BLACK HAT EUROPE 2021 — LONDON — Researchers who discovered a severe vulnerability in the Microsoft Azure Cosmos DB database solution today revealed the full extent of the flaws they found and previously undisclosed details of their investigation, which it turns out was far more extensive than first revealed.
In August 2021, the Wiz team revealed a critical vulnerability in the Azure cloud platform that would enable remote account takeover of the Cosmos DB database. Dubbed ChaosDB, this flaw gave any Azure user full admin access to other customers' Cosmos DB instances without authorization. Its impact spanned thousands of businesses, including many Fortune 500 firms.
More specifically, multiple flaws existed in Microsoft's implementation of Jupyter Notebook, an open source Web application commonly used for data science. A local privilege escalation flaw led to unrestricted network access, which allowed researchers to access a wide range of certificates and private keys that provided admin access to other users' Cosmos DB accounts.
To make things worse, Cosmos DB accounts previously came with Jupyter Notebook auto-enabled, which wasn't made clear to users. As a result, many customers were unknowingly exposed to this vulnerability.
Wiz reported the findings to Microsoft, which issued a fix within 48 hours and confirmed in a blog post that no customer data had been accessed using this vulnerability by third parties or security researchers. It also shut down the Jupyter Notebook feature, albeit temporarily.
But this wasn't the full story of Chaos DB, Wiz security researchers Sagi Tzadik and Nir Ohfeld said in their Black Hat talk today. The vulnerability did more than allow an unprivileged user to obtain complete, unrestricted access to databases of several thousand Azure customers.
By exploiting each misconfiguration in Cosmos DB, and chaining them together, the researchers were able to obtain many of Microsoft's internal Cosmos DB-related secrets and credentials. With these, they were able to authenticate as admin to more than 100 Cosmos DB-related management panels in the form of Service Fabric instances, or the container orchestration tool used to power Cosmos DB.
The finding is unprecedented, Ohfeld says in an interview with Dark Reading. "No other person outside of Microsoft gained this kind of administrative access to the magic that actually makes the cloud work." This was one of the reasons, Tzadik adds, that they held off on disclosing their full findings until now — to give the company sufficient time to mitigate the issue. Some of the information they could access was not only about Cosmos DB but about how Azure works.
"Besides taking over the account and manipulating data, we could also have damaged the Cosmos DB service due to the admin position we had from within it," the researchers explained in a blog post. "The impact of gaining access to the underlying Service Fabric instances means that this vulnerability was nearly impossible to defend against as a customer."

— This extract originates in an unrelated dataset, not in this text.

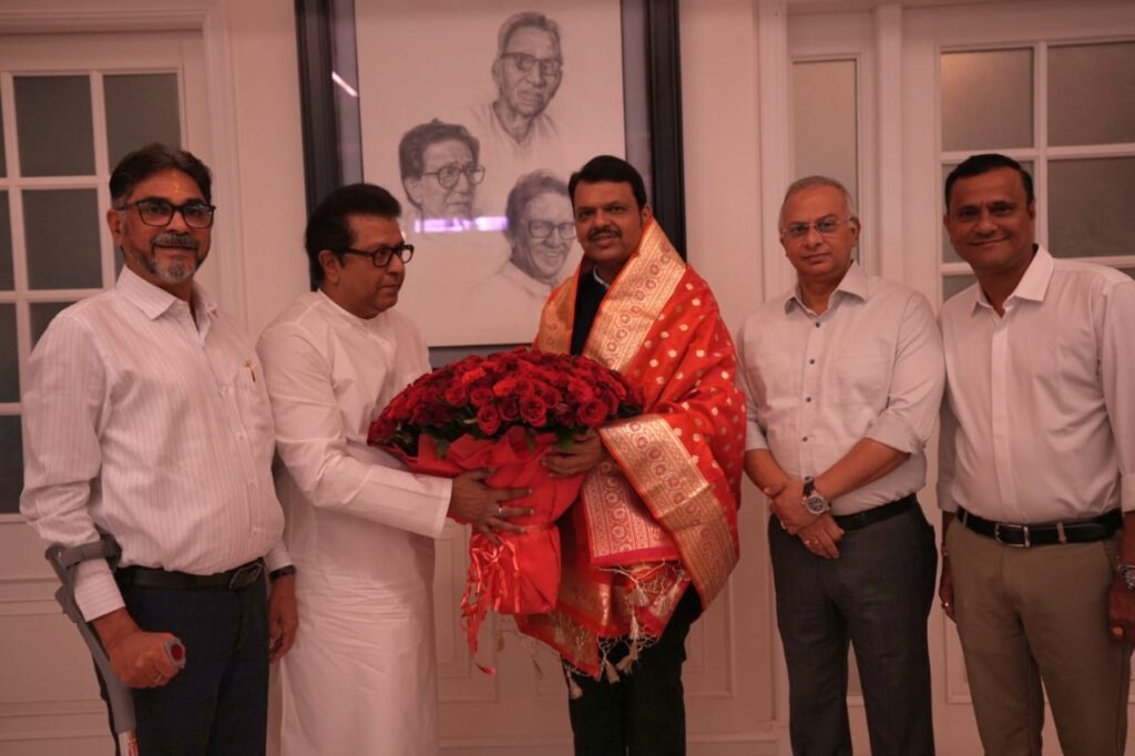 राज ठाकरे यांच्यासोबत कोणती चर्चा झाली असा प्रश्न मुख्यमंत्री देवेंद्र फडणवीस यांना विचारण्यात आला. त्यावेळी त्यांनी चर्चा तुम्हीच सुरू करता असे म्हटले. आज राज ठाकरेंसोबत झालेली भेट ही राजकीय भेट नसल्याचे मुख्यमंत्री फडणवीस यांनी म्हटले. मुख्यमंत्रीपदाची शपथ घेतल्यानंतर राज ठाकरे यांनी फोन करून अभिनंदन केले. त्यावेळी आपण भेटणार असल्याचे सांगितले. आज छत्रपती शिवाजी महाराज पार्कजवळ एक कार्यक्रम होता. त्याआधी राज यांची सदिच्छा भेट घेतली असल्याचे मुख्यमंत्र्यांनी स्पष्ट केले. राज यांच्यासोबत राजकीय विषयांवर चर्चा झाली नाही. त्यांच्या ब्रेक फास्ट केला, गप्पा मारल्या. या गप्पांना राजकीय संदर्भ नव्हते. निव्वळ मैत्रीतून ही भेट झाली असल्याचे मुख्यमंत्री देवेंद्र फडणवीस यांनी स्पष्ट केले.

Going Down the Rabbit Hole
The team hadn't even been looking for vulnerabilities when their investigation began, Tzadik says. Given the popularity of Cosmos DB, they were initially looking for common misconfigurations and reviewing the solution to spot errors.
While exploring its features, they discovered the embedded Juputer Notebook container, which offers terminal access and the option to interact with the Cosmos DB instance with different programming languages. When they used the Jupyter terminal, or the default Python3 Notebook, they noticed their code was executed as the unprivileged "cosmosuser." When they switched their Python code to C#, they saw the code was being executed with root privileges.

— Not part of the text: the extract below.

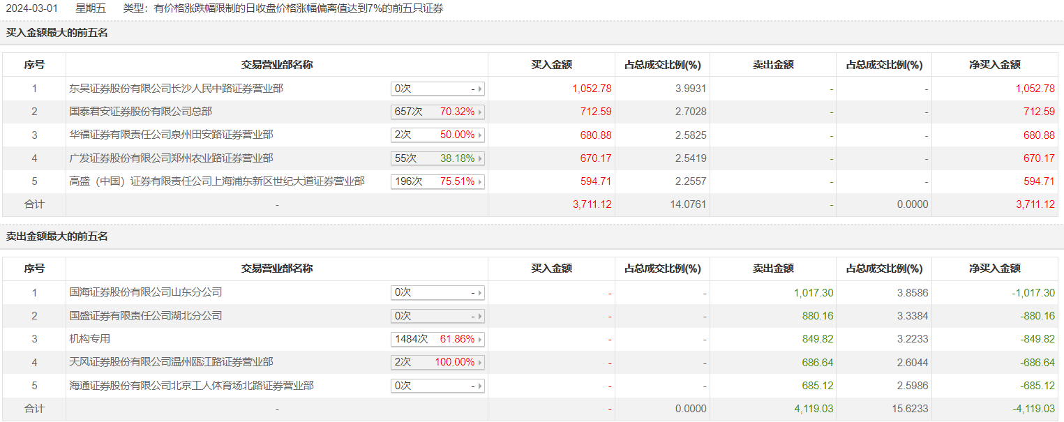 具体来看,机构合计净卖出849.82万元。此外,东吴证券长沙人民中路证券营业部、国泰君安证券总部分别买入1052.78万元、712.59万元;国海证券山东分公司、国盛证券湖北分公司分别卖出1017.30万元、880.16万元。

"When we saw the Jupyter Notebook feature, we couldn't resist," says Ohfeld. "As an attacker, when we see a place that lets us execute arbitrary code, we have to have a look."
After discovering the local privilege escalation vulnerability in Jupyter Notebook, they used their root privileges to look around the container to determine which network resources they could access. The researchers found a list of forbidden IP addresses, which they were able to delete as they were configured locally on the container, achieving unrestricted network access.
Their investigation continued from there as Ohfeld and Tzadik continued to explore the previously forbidden IP addresses, discovering access to WireServer, which manages aspects of virtual machines within Azure and the extensions of every Azure VM. They discuss the details in a separate in-depth technical writeup, also published today. Through attempting to uncover secrets and explore the Cosmos DB environment, they were ultimately able to access 25 Microsoft certificates and their corresponding private keys, which Tzadik points to as the moment they knew they were onto something big.
"We were like, OK, this is interesting, let's see what happens," he says.
While the team only used six of the certificates, the ones they used allowed them to obtain the plaintext Primary Key for any Cosmos DB instance running in their cluster, letting them query and manipulate customer databases without authorization. They were able to obtain the plaintext auth token for any Jupyter Notebook instance running in the cluster, as well as plaintext passwords for customers' notebook storage accounts. They could also access the underlying infrastructure of Cosmos DB by accessing internal Azure storage blobs.
"In less than a week of active research, and by using only six of the 25 secrets we obtained, we believe that we were able to nearly take over the entire service," the researchers wrote, noting they gained the same privileges as the internal Microsoft employees who worked on it.
There were many lessons learned here, especially with respect to isolation in the cloud, says Tzadik. "We assumed isolation in the cloud worked properly, and we learned that is not always the case."